TASK STATEMENT: Quote each line of the material verbatim, without the pictures.

DATASET EXCERPT:
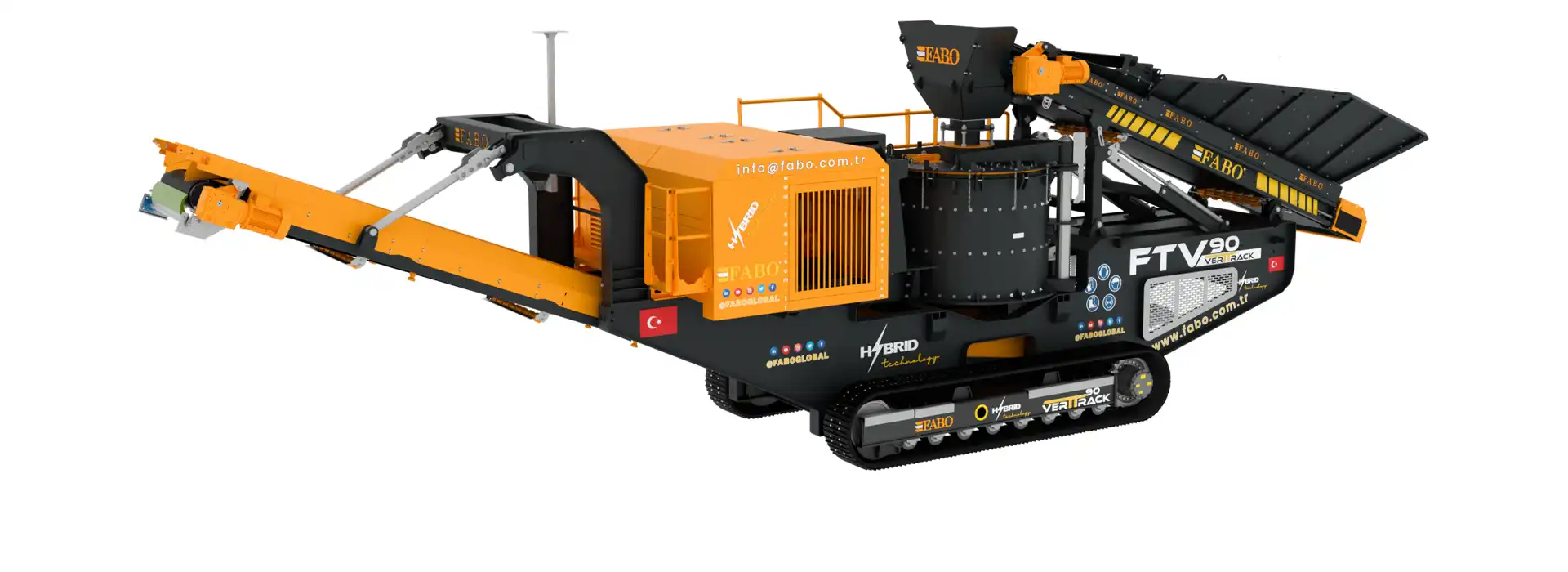 FTV-90 modeli, 50 mm’ye kadar besleme boyutlarını işleyebilen yüksek hızlı dik milli kırıcı ünitesiyle üstün verimli kırma işlemi sunar. Orta ve düşük sertlikteki malzemelerde yüksek oranda kübik formda ürün elde etmek için ideal bir çözümdür. 0-5 mm ince malzeme üretim oranının yüksek olması sayesinde agrega üretiminde ve asfalt-beton uygulamalarında önemli avantaj sağlar.
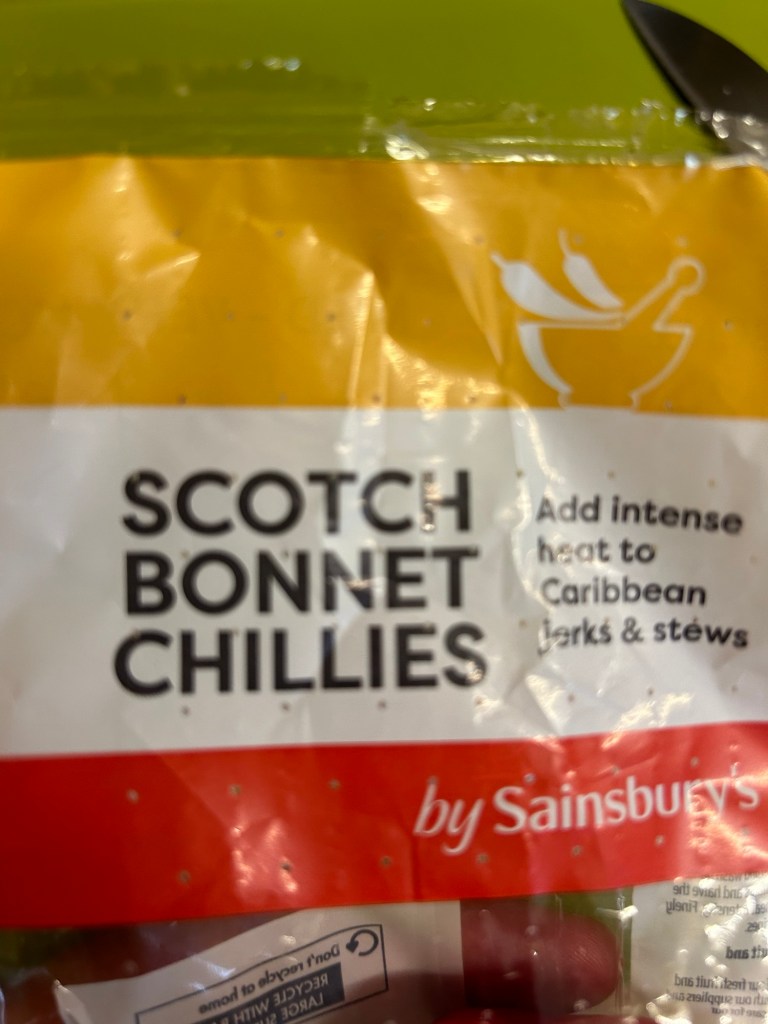 This is the first time I’ve cooked using ‘scotch bonnet chillies’. I did actually change the recipe I was using and dropped out quite a bit of heat. I did the sensible thing and used gloves during the prep again to limit the pain as lets just say I’ve learnt from experience the hard way!!
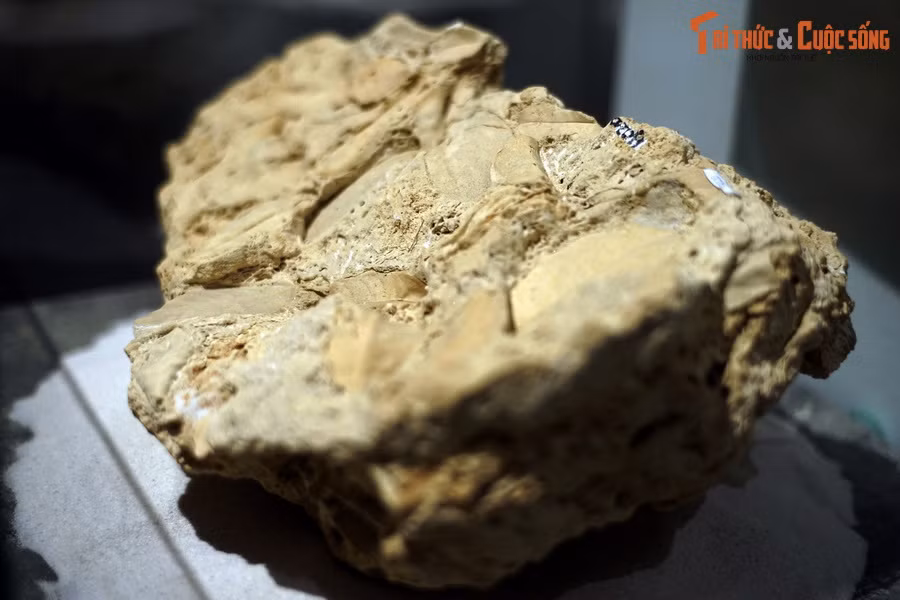 Đây là một mẫu đá travertine chứa nhiều lá cây hóa thạch, hiện vật của Bảo tàng Hóa thạch Hà Nội. Khác với nhiều mẫu hóa thạch khác, hóa thạch lá cây này rất “trẻ”, có thời gian hình thành chỉ bằng tuổi nhiều người đang sống.

RESULT FOR THIS EXERCISE:
 FTV-90 modeli, 50 mm’ye kadar besleme boyutlarını işleyebilen yüksek hızlı dik milli kırıcı ünitesiyle üstün verimli kırma işlemi sunar. Orta ve düşük sertlikteki malzemelerde yüksek oranda kübik formda ürün elde etmek için ideal bir çözümdür. 0-5 mm ince malzeme üretim oranının yüksek olması sayesinde agrega üretiminde ve asfalt-beton uygulamalarında önemli avantaj sağlar.
 This is the first time I’ve cooked using ‘scotch bonnet chillies’. I did actually change the recipe I was using and dropped out quite a bit of heat. I did the sensible thing and used gloves during the prep again to limit the pain as lets just say I’ve learnt from experience the hard way!!
 Đây là một mẫu đá travertine chứa nhiều lá cây hóa thạch, hiện vật của Bảo tàng Hóa thạch Hà Nội. Khác với nhiều mẫu hóa thạch khác, hóa thạch lá cây này rất “trẻ”, có thời gian hình thành chỉ bằng tuổi nhiều người đang sống.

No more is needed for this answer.